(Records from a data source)
##############################

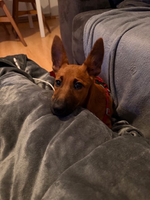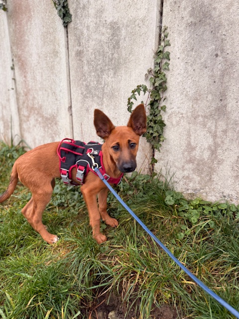Als junger Podenco-Malinois-Mix bringt Hange wahrscheinlich neben Sensibilität auch besondere Intelligenz und Lernfähigkeit mit. Wir glauben, dass aus Hange ein sehr bewegungsfreudiger, aktiver Hund werden wird, und wünschen uns für sie ein Zuhause, das sich darüber im Klaren ist und sie auf ihrem Energielevel treffen kann.
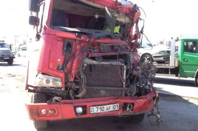 16 июня в 7 утра грузовой автомобиль марки HOWO, двигаясь по ул. Акжол, от ул. Пушкина в сторону ул. Досмухамедулы, в Астане, на перекрёстке допустил столкновение с таким же грузовиком.
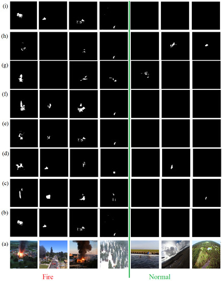 Qualitative comparison of the fire segmentation. From left: (a) first four are fire examples and the rest are normal, (b) corresponding ground-truth mask, and predicted masks by (c) TransUNet, (d) Swin-UNet, (e) STNet+DenseFire, (f) SegFormer, (g) Deeplabv3+ResNet50, (h) UNet, and (i) FFS-UNet.
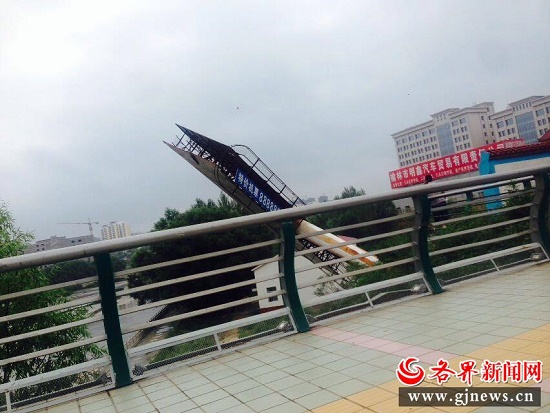 8月2日,位于長(zhǎng)城南路和富康交匯處的東北角,大風(fēng)把巨大的廣告牌子吹倒了。幸虧是牌子掉到了旁邊的溝里,所以沒(méi)造成人員傷亡,只是把一個(gè)檢查井給損毀了。倒在馬路上,來(lái)往車輛比較多,還有行人,實(shí)在太危險(xiǎn)了。
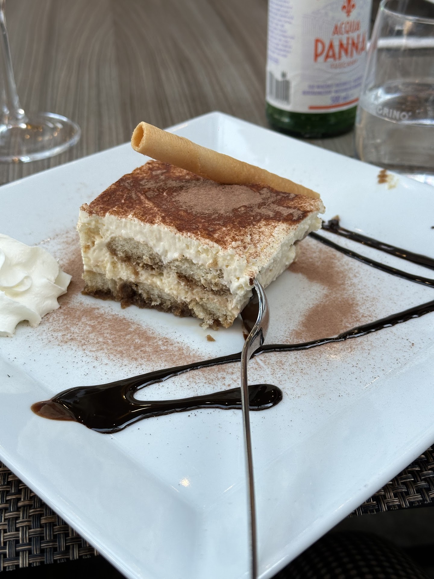 We had lunch here on Saturday, outdoors since it was sunny/hot. Outside setup was nice and peaceful. There were maybe only 10 tables. Based on the reviews this should've been a decent Italian with authentic Italian dishes - so we had high hopes. You would think that you can't go wrong with staple dishes like Spaghetti carbonara and a Margherita pizza, right? Wrong. Their carbonara was so bland. Literally 25.- for pasta with heavy cream. Even the bacon/pancetta in there could'nt give much flavor. The bigger disappointment was their pizza. This had nothing to do with an authentic Italian pizza, unfortunately. Actually they're comparable with the pizzas from the nearby delivery fastfood-chain-pizzarias. Which doesn't have to be a bad thing, but it's just not authentic Italian. The service was ok, but the ladies had a rather annoyed face on and seemed unmotivated. Maybe it was the 33C heat. Maybe because it was a rather quiet and draggy Satuday...
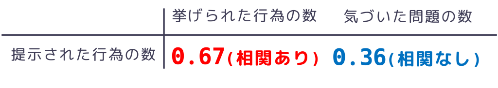 これは,問題を発見するときの選択肢の数の違いであると考えています.下記の表のように,行為の増減の提示ありでは36個の行為が提示されており,その中から問題点になる行為を発見しています.しかし,行為の増減を自分で考えた群では平均して17.9個しか選択肢がなく,その分問題点を見つけることができなかったと考察しています.
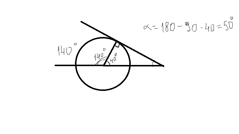 касательная к окружности перпендикулярна отрезку радиуса => составляет угол в 90 градусов. дуга =140 градусам => угол=140 градусам => смежный с ним угол =40 шрадусам
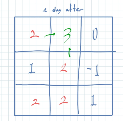 창고에 보관되는 토마토들 중에는 잘 익은 것도 있지만, 아직 익지 않은 토마토들도 있을 수 있다. 보관 후 하루가 지나면, 익은 토마토들의 인접한 곳에 있는 익지 않은 토마토들은 익은 토마토의 영향을 받아 익게 된다. 하나의 토마토의 인접한 곳은 왼쪽, 오른쪽, 앞, 뒤 네 방향에 있는 토마토를 의미한다. 대각선 방향에 있는 토마토들에게는 영향을 주지 못하며, 토마토가 혼자 저절로 익는 경우는 없다고 가정한다. 철수는 창고에 보관된 토마토들이 며칠이 지나면 다 익게 되는지, 그 최소 일수를 알고 싶어 한다.
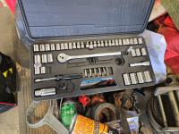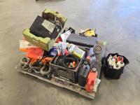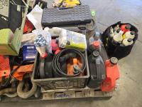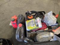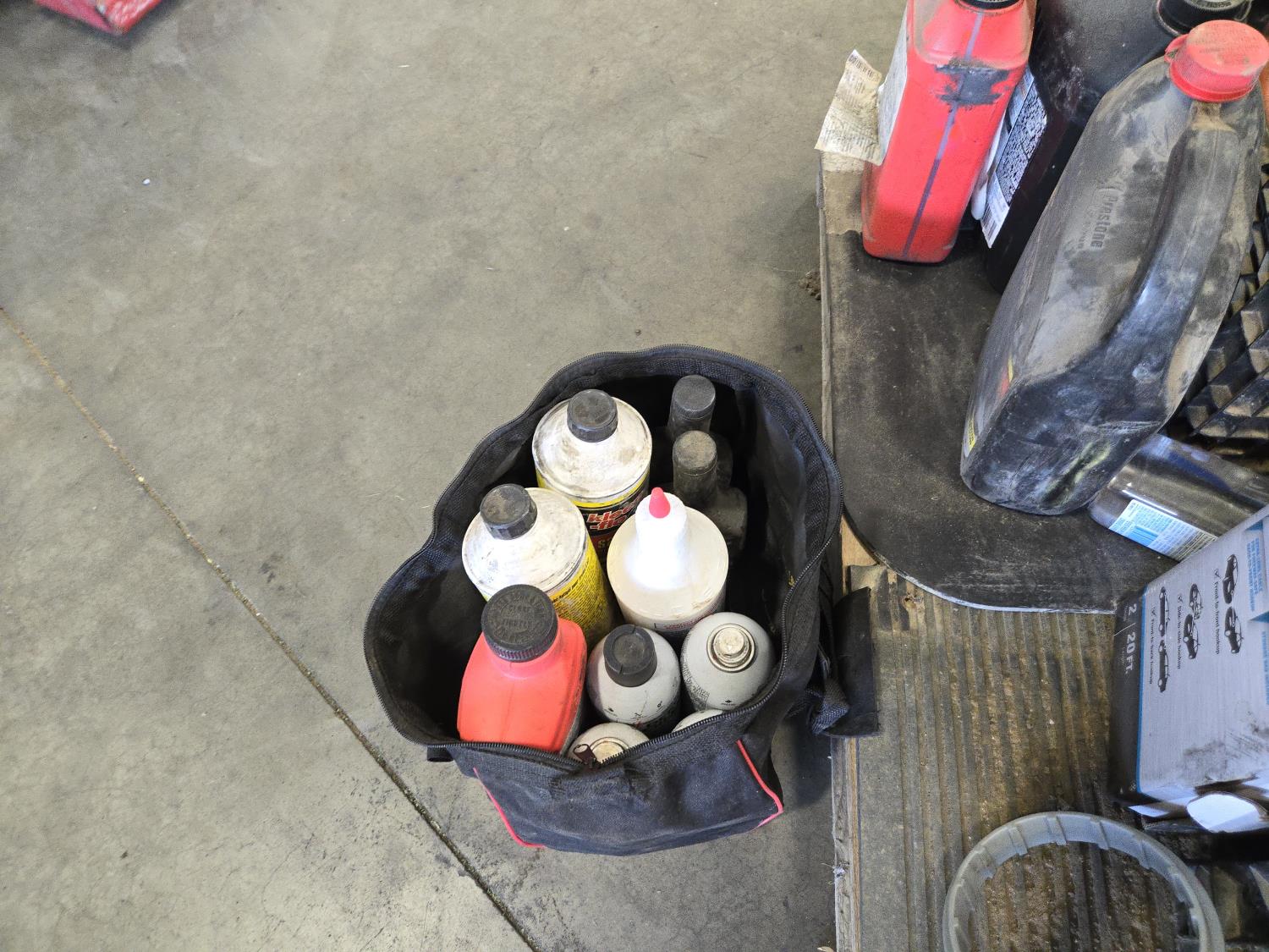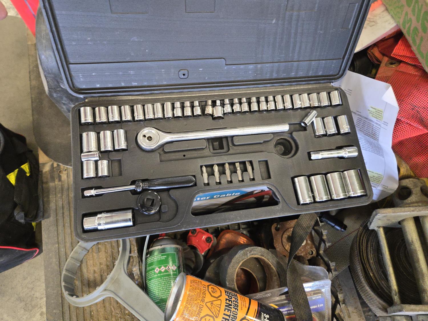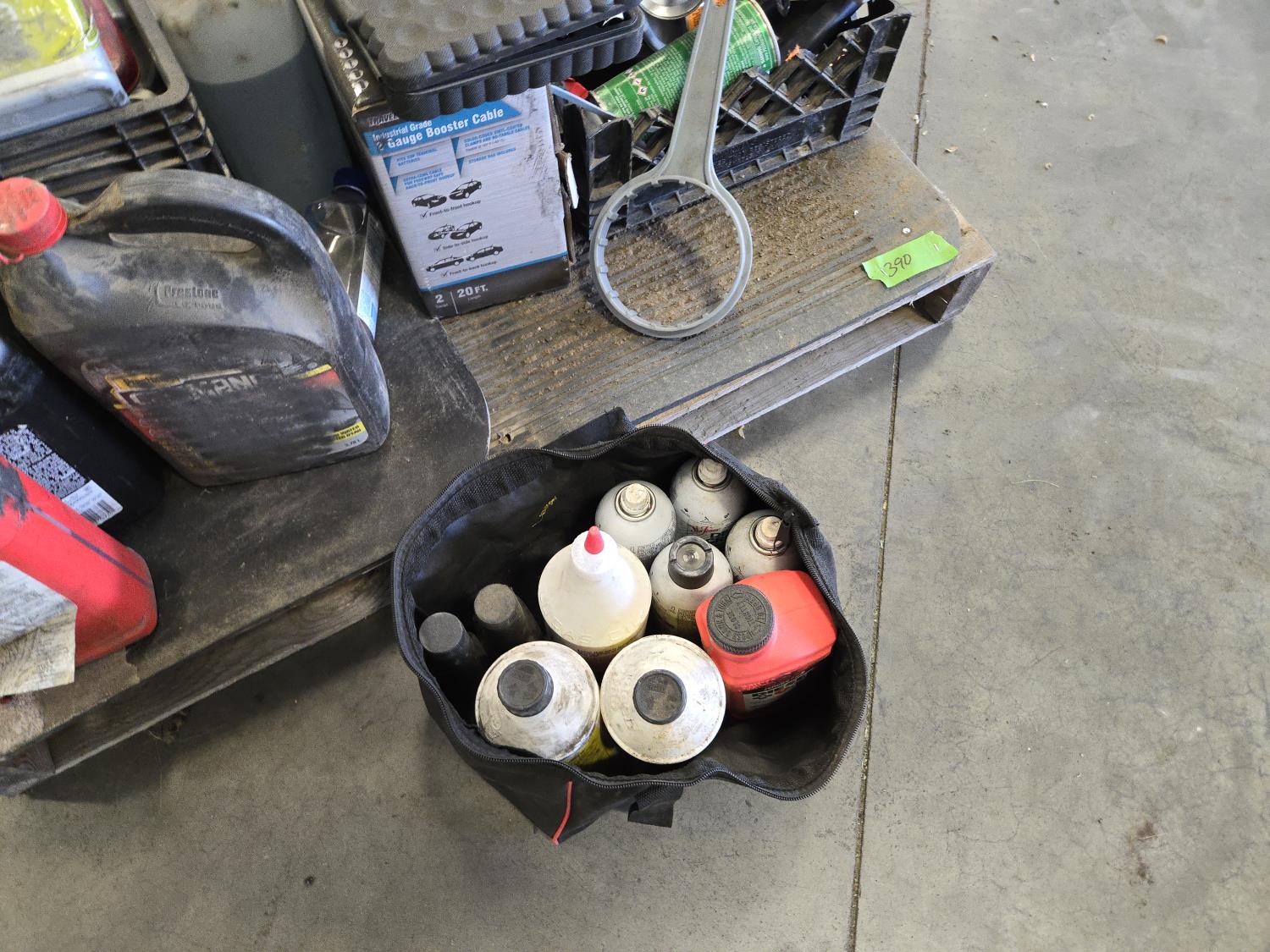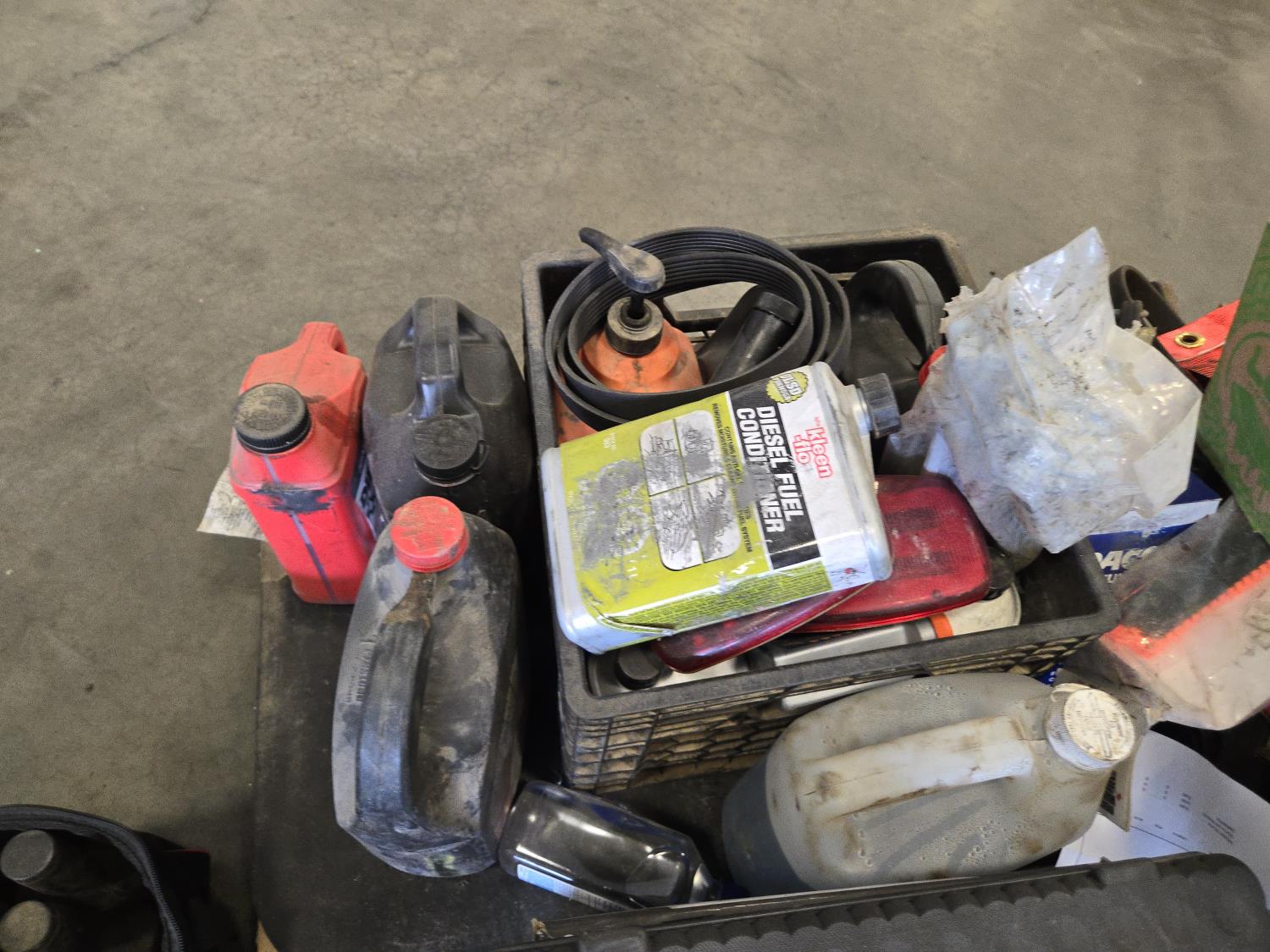 qty of shackles, shop fluids, booster cables, small socket set, miscellaneous hardware, load straps, zip ties
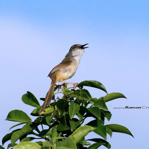 藍天中的褐頭鷦鶯
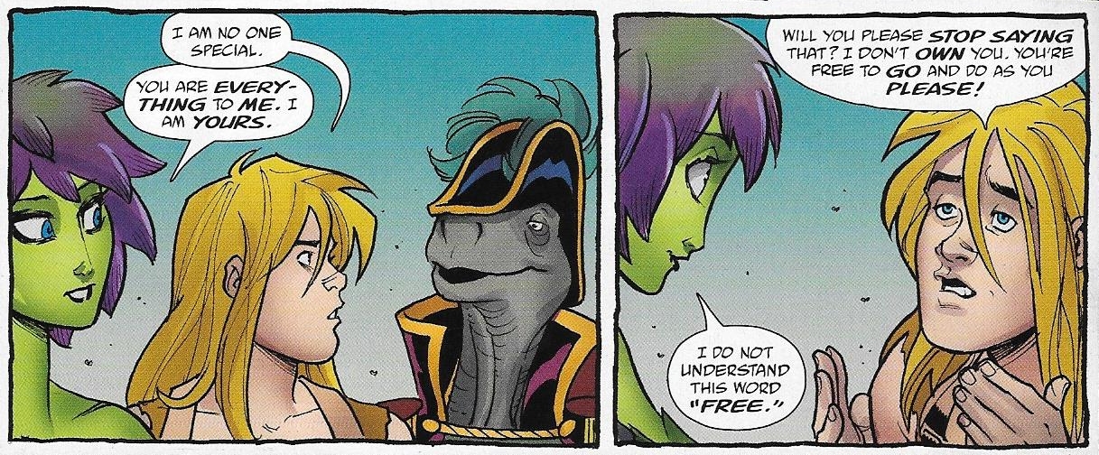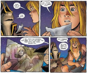 It was when the Atomic Knights encountered warriors from the legendary island of Atlantis, time-warped into the future by their own scientific catastrophe, that I was able to put my finger on the story-telling mode. Replace “radiation” with “magic,” and a story in which armored knights battle Romanesque soldiers from an ancient island could be part of any fantasy novel from the last hundred years. Specifically, the discovery of “Atlantides” (as the islanders are called in this story) fits neatly into the “lost world” genre: as practiced by H. Rider Haggard, A. Merritt, and Edgar Rice Burroughs, among others, there was always the possibility of a remote valley, cave, or island that history and evolution had passed by, leaving a population of dinosaurs, ancient Romans, or other living relics to be discovered. The lost world genre was mostly finished off by World War II, as the empty, unknown spaces on the map were filled in; wiping the slate clean with a global catastrophe allowed writers to open those spaces up again, and fill them with mystery and adventure. In these stories, the lost world was our own.

##############################

■ YOUR GOAL
The answer must be the part of the records that opens with the line containing "これは,問題を発見するときの" and closes with the line containing "창고에 보관되는 토마토들", reproduced exactly, with no pictures.

■ RESULT
 これは,問題を発見するときの選択肢の数の違いであると考えています.下記の表のように,行為の増減の提示ありでは36個の行為が提示されており,その中から問題点になる行為を発見しています.しかし,行為の増減を自分で考えた群では平均して17.9個しか選択肢がなく,その分問題点を見つけることができなかったと考察しています.
 касательная к окружности перпендикулярна отрезку радиуса => составляет угол в 90 градусов. дуга =140 градусам => угол=140 градусам => смежный с ним угол =40 шрадусам
 창고에 보관되는 토마토들 중에는 잘 익은 것도 있지만, 아직 익지 않은 토마토들도 있을 수 있다. 보관 후 하루가 지나면, 익은 토마토들의 인접한 곳에 있는 익지 않은 토마토들은 익은 토마토의 영향을 받아 익게 된다. 하나의 토마토의 인접한 곳은 왼쪽, 오른쪽, 앞, 뒤 네 방향에 있는 토마토를 의미한다. 대각선 방향에 있는 토마토들에게는 영향을 주지 못하며, 토마토가 혼자 저절로 익는 경우는 없다고 가정한다. 철수는 창고에 보관된 토마토들이 며칠이 지나면 다 익게 되는지, 그 최소 일수를 알고 싶어 한다.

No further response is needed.